I would like to in a single "chained" statement merge two tables, and label in the resulting table those entries from the left table vs right table. Pandas defaults this to "left_only", "right_only", "both" and can be seen by invoking indicator = True in the merge statement.However, I would like to change these to something more helpful via method chaining in Pandas.
This is what I am currently doing - rather inelegantly- without chaining of the merge result.
oran = pd.DataFrame(columns = ['Name', 'type'], data = [['oranger', 'FP'],
['oranged', 'CP'], ['orangeo', 'CP'], ['orangel', 'CP'], ['orangey', 'NP']])
other = pd.DataFrame(columns = ['Name', 'type'], data = [['appler', 'FP'],
['appled', 'CP'], ['appleo', 'CP'], ['orangel', 'CP'], ['orangey', 'NP']])
# Merge two dataframe above; add indicator column for table source
df = pd.merge(oran['Name'], other['Name'],on = 'Name', how = 'outer', indicator = True)
dict_map = {'both':'Both','left_only':'oran only',
'right_only':'other only'}
df["indicator"] = df["_merge"].map(dict_map).
df.drop("_merge", axis = 1, inplace = True)
df
The above approach gives me the output desired.

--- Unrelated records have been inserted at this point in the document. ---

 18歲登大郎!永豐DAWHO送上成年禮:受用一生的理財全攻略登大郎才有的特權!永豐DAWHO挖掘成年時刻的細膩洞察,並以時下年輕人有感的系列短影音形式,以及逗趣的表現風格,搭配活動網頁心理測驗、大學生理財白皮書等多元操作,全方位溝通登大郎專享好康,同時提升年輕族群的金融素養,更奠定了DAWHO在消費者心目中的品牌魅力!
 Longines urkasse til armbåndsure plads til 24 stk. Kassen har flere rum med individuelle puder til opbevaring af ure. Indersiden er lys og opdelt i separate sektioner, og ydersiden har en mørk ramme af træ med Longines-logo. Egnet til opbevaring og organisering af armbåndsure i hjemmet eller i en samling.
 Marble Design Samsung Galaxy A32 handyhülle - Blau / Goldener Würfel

However, the code involves multiple steps. How can I generate the same output as shown below via method chaining in Pandas?
CodePudding user response:
Setting directly the correct name for "indicator" and a simple assign
would work here:
df = (pd.merge(oran['Name'], other['Name'], on='Name', how='outer', indicator='indicator')

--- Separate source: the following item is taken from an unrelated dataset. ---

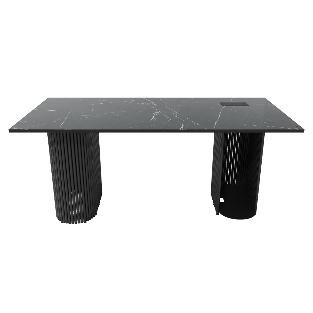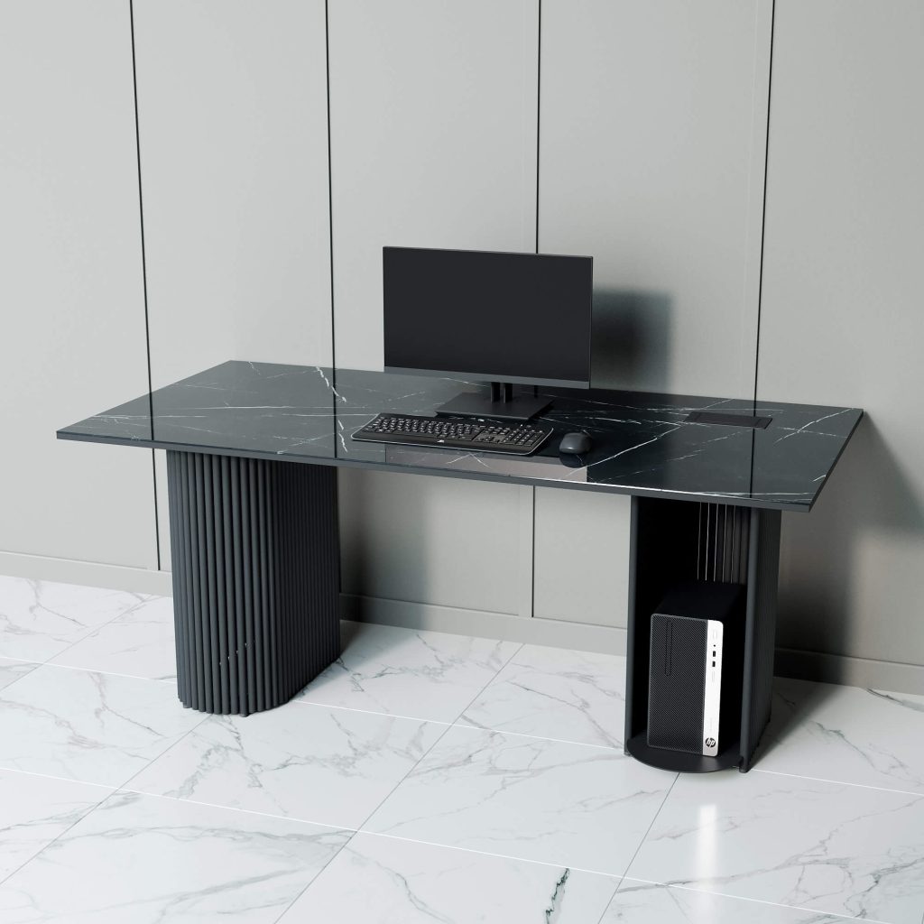 Рабочий стол TRUBIS Wood + Glass темный мрамор/черный, 180 х 90 см

.assign(indicator=lambda d: d['indicator'].map(dict_map))
)
If we imagine that setting up the name was not possible, we could drop and return the column with pop
:
df = (pd.merge(oran['Name'], other['Name'], on='Name', how='outer', indicator=True)
.assign(indicator=lambda d: d.pop('_merge').map(dict_map))
)
Output:
Name indicator
0 oranger oran only
1 oranged oran only
2 orangeo oran only
3 orangel Both
4 orangey Both
5 appler other only
6 appled other only
7 appleo other only